About this task: Look through the entries below for the line with "נפתלי בנט נושא דברים" and the line with "Sapori del Carso", then give again exactly those two lines and all lines between them, minus the pictures.

Stored items from a collection
- - - -

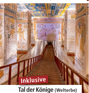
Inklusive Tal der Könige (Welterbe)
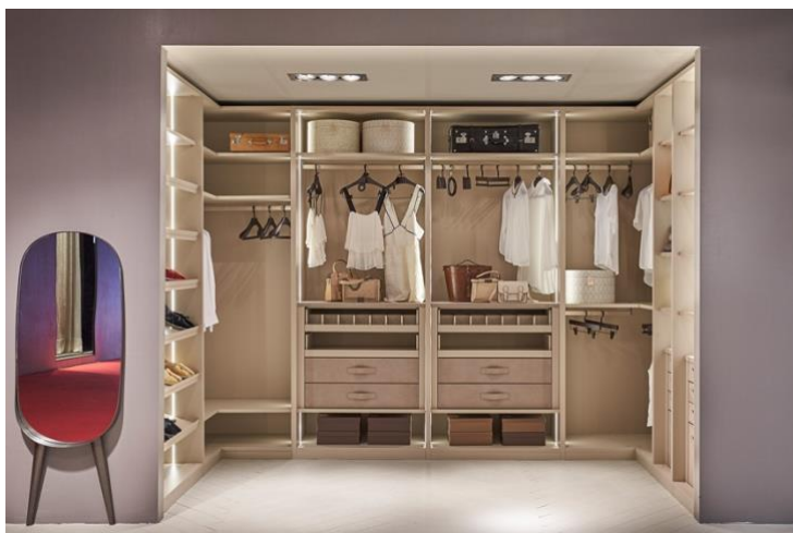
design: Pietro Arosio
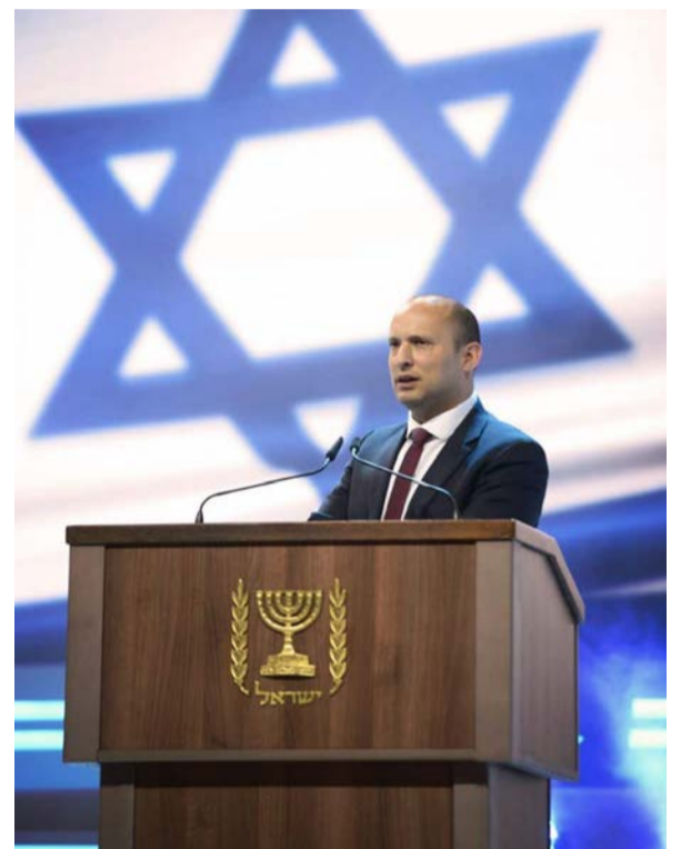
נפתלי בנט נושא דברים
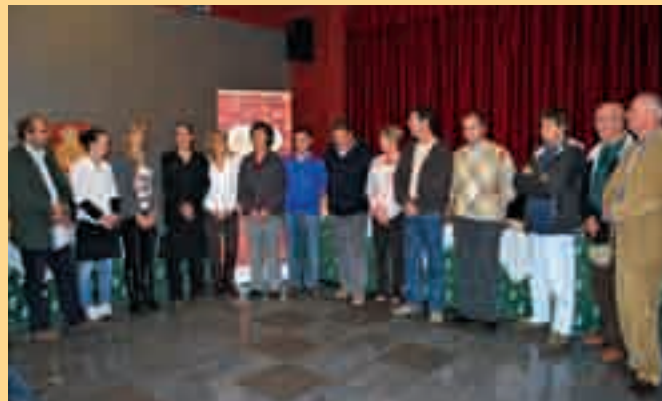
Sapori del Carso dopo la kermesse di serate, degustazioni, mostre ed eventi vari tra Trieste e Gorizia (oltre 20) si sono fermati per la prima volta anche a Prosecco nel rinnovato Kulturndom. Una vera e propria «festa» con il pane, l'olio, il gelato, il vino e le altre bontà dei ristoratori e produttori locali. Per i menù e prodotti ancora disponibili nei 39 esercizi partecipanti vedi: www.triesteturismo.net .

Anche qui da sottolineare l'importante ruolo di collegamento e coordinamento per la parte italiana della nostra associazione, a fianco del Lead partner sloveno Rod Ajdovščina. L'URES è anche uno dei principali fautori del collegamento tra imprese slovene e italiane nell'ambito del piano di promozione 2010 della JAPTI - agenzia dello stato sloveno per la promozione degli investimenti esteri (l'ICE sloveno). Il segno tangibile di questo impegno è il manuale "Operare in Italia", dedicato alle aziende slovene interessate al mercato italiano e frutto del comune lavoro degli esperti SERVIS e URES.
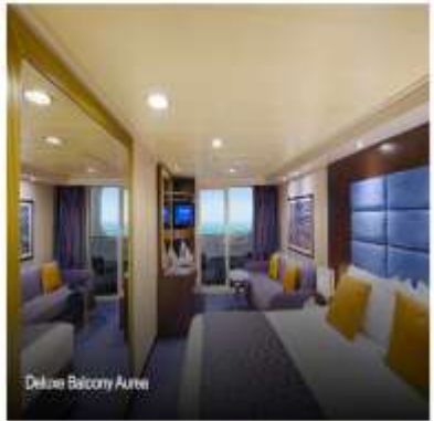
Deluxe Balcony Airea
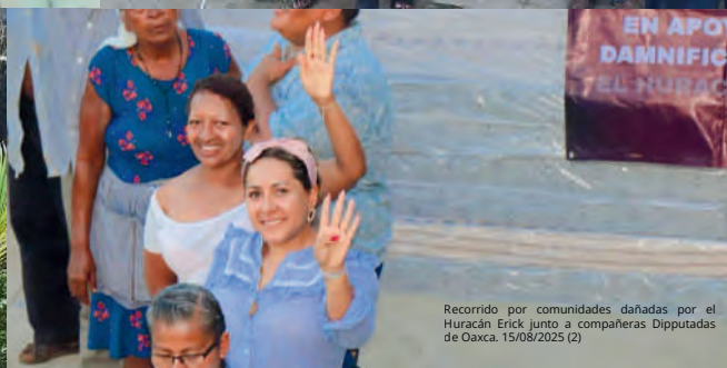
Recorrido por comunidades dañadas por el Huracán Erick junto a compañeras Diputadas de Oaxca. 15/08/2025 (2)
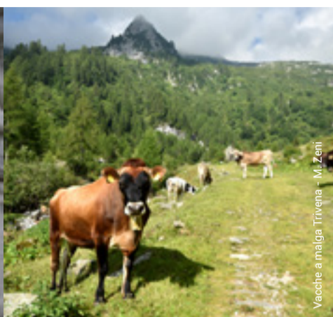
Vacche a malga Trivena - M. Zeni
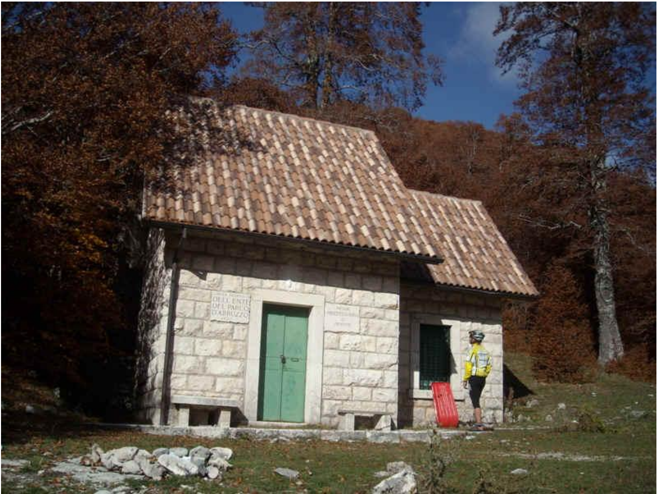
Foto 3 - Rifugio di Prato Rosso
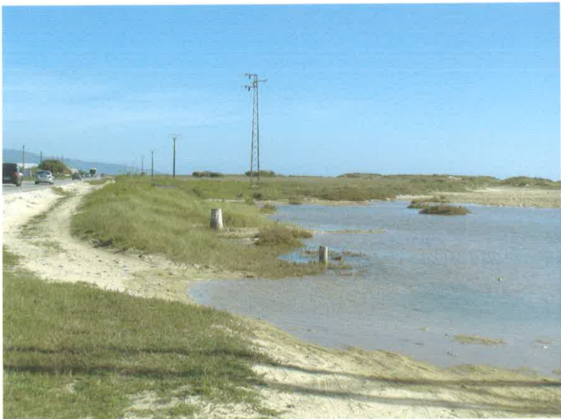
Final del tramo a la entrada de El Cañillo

- - - -

Output of the task:
נפתלי בנט נושא דברים
Sapori del Carso dopo la kermesse di serate, degustazioni, mostre ed eventi vari tra Trieste e Gorizia (oltre 20) si sono fermati per la prima volta anche a Prosecco nel rinnovato Kulturndom. Una vera e propria «festa» con il pane, l'olio, il gelato, il vino e le altre bontà dei ristoratori e produttori locali. Per i menù e prodotti ancora disponibili nei 39 esercizi partecipanti vedi: www.triesteturismo.net .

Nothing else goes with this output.